:: Source data ::

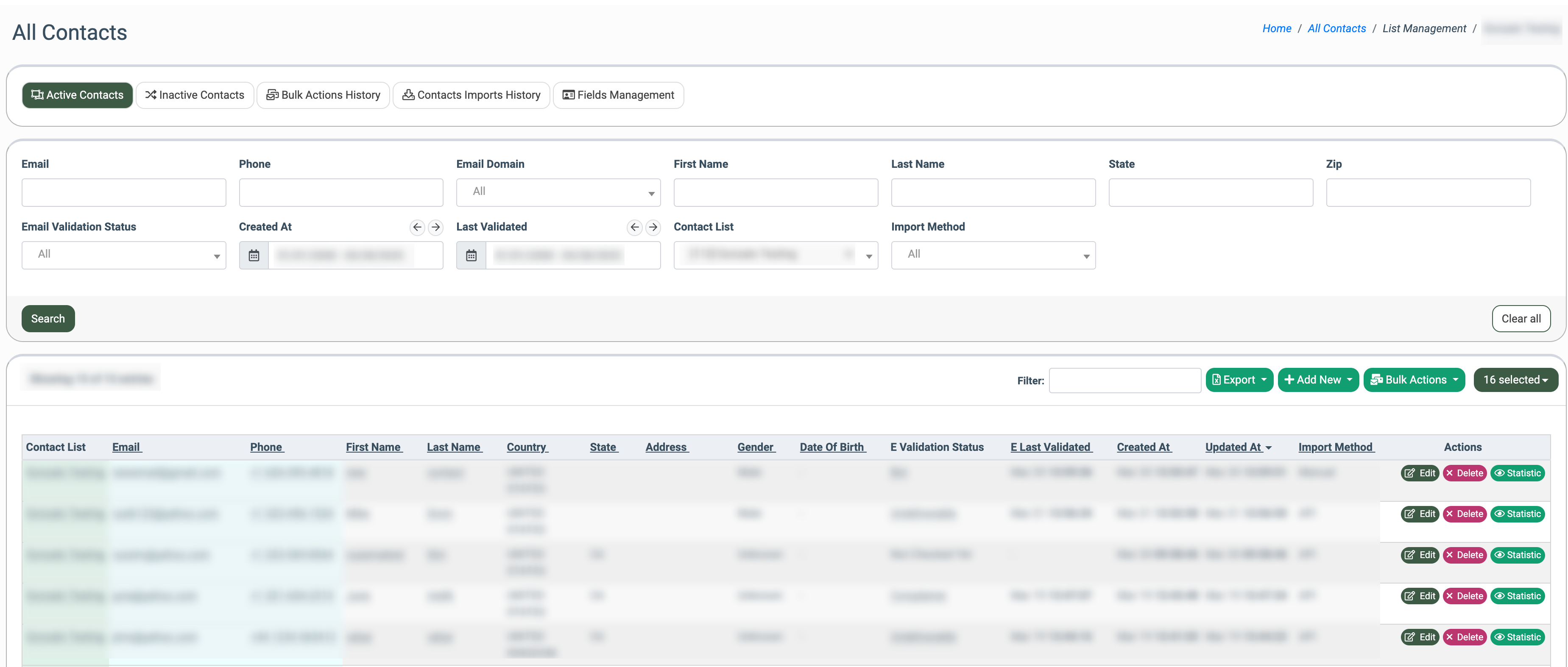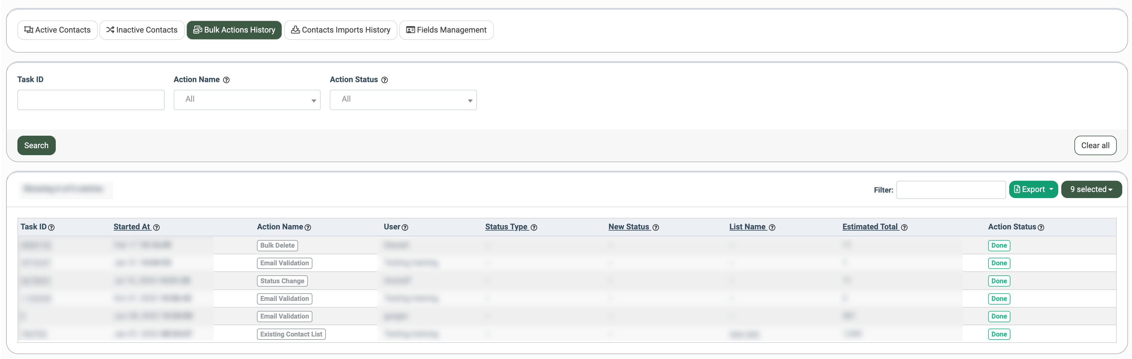 - Action Name: The name of the action (Bulk Delete, Status Change, Email Validation, Existing Contact List, New Contact List).
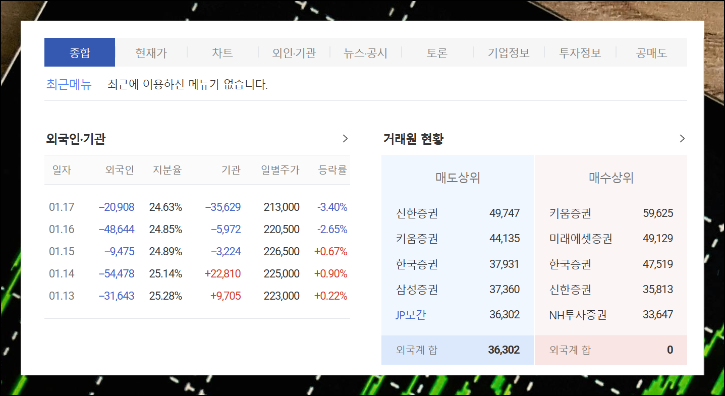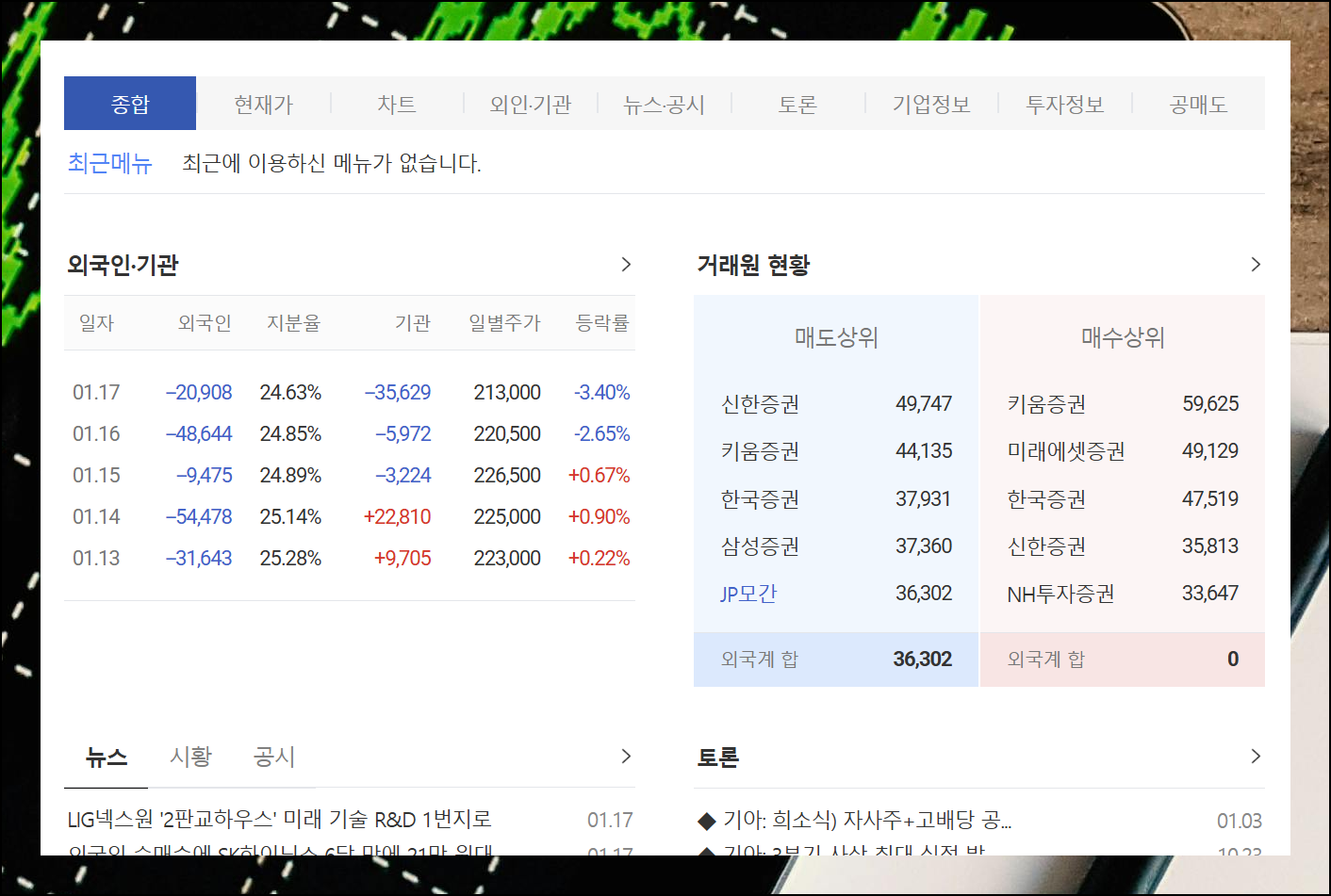 다음증권 사이트에서는 전종목에 대한 주식시세부터 기업 분석까지 무료로 확인할 수 있어요. 차트와 뉴스는 물론, 외국인과 기관의 실시간 매매 동향까지 한눈에 볼 수 있습니다. 초보 투자자도 쉽게 이해할 수 있도록 정보가 구성되어 있어요.
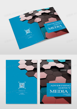 炫彩立体蓝色六边形马赛克广告公司图册封面

:::

__What this task involves__.
The listing should be transcribed exactly. No picture is to appear in the transcription.

__Completed task__.
 - Action Name: The name of the action (Bulk Delete, Status Change, Email Validation, Existing Contact List, New Contact List).
 다음증권 사이트에서는 전종목에 대한 주식시세부터 기업 분석까지 무료로 확인할 수 있어요. 차트와 뉴스는 물론, 외국인과 기관의 실시간 매매 동향까지 한눈에 볼 수 있습니다. 초보 투자자도 쉽게 이해할 수 있도록 정보가 구성되어 있어요.
 炫彩立体蓝色六边形马赛克广告公司图册封面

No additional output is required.